# Provided material
- - - - -

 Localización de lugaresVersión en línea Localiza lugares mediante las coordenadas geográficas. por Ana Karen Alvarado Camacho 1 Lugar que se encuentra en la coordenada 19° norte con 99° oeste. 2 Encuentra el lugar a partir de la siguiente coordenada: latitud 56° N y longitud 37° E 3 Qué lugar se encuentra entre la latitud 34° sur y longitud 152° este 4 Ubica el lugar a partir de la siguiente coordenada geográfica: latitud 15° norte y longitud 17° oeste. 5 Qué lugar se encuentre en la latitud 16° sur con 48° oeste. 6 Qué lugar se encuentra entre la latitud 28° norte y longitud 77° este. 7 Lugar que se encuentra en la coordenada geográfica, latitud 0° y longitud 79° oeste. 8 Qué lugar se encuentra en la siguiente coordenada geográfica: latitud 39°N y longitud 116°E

- - - - -

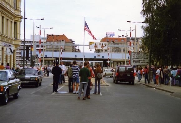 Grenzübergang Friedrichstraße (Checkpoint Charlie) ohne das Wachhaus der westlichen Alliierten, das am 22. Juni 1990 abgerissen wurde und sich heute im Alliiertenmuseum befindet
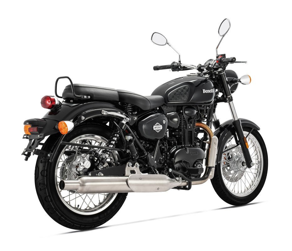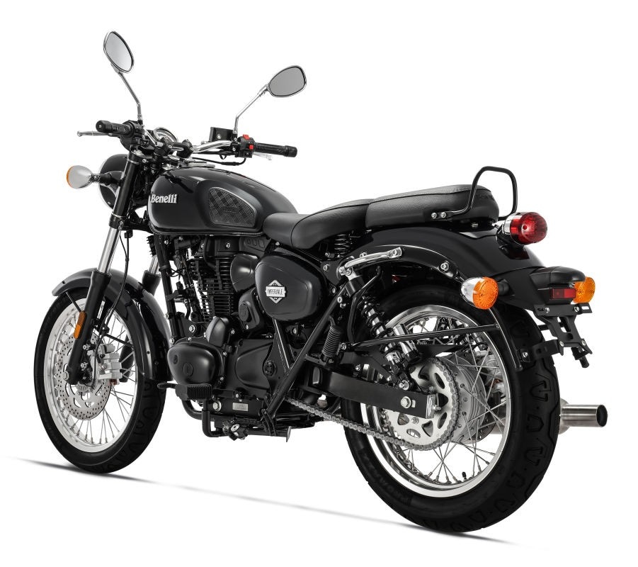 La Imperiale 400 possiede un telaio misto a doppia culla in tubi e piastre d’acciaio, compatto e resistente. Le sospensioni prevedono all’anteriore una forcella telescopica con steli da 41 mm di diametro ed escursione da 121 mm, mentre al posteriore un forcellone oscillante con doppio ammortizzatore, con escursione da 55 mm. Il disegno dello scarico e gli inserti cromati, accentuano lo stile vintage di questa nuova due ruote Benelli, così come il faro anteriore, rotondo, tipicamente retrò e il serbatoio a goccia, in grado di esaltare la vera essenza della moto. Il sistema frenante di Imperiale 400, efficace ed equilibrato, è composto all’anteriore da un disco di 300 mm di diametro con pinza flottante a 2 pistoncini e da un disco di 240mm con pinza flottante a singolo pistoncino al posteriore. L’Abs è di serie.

- - - - -

Print nothing except the lines above from the one containing "Grenzübergang Friedrichstraße (Checkpoint" down to the one containing "La Imperiale 400", both included, exactly as written and free of pictures.

# Exercise response
 Grenzübergang Friedrichstraße (Checkpoint Charlie) ohne das Wachhaus der westlichen Alliierten, das am 22. Juni 1990 abgerissen wurde und sich heute im Alliiertenmuseum befindet
 La Imperiale 400 possiede un telaio misto a doppia culla in tubi e piastre d’acciaio, compatto e resistente. Le sospensioni prevedono all’anteriore una forcella telescopica con steli da 41 mm di diametro ed escursione da 121 mm, mentre al posteriore un forcellone oscillante con doppio ammortizzatore, con escursione da 55 mm. Il disegno dello scarico e gli inserti cromati, accentuano lo stile vintage di questa nuova due ruote Benelli, così come il faro anteriore, rotondo, tipicamente retrò e il serbatoio a goccia, in grado di esaltare la vera essenza della moto. Il sistema frenante di Imperiale 400, efficace ed equilibrato, è composto all’anteriore da un disco di 300 mm di diametro con pinza flottante a 2 pistoncini e da un disco di 240mm con pinza flottante a singolo pistoncino al posteriore. L’Abs è di serie.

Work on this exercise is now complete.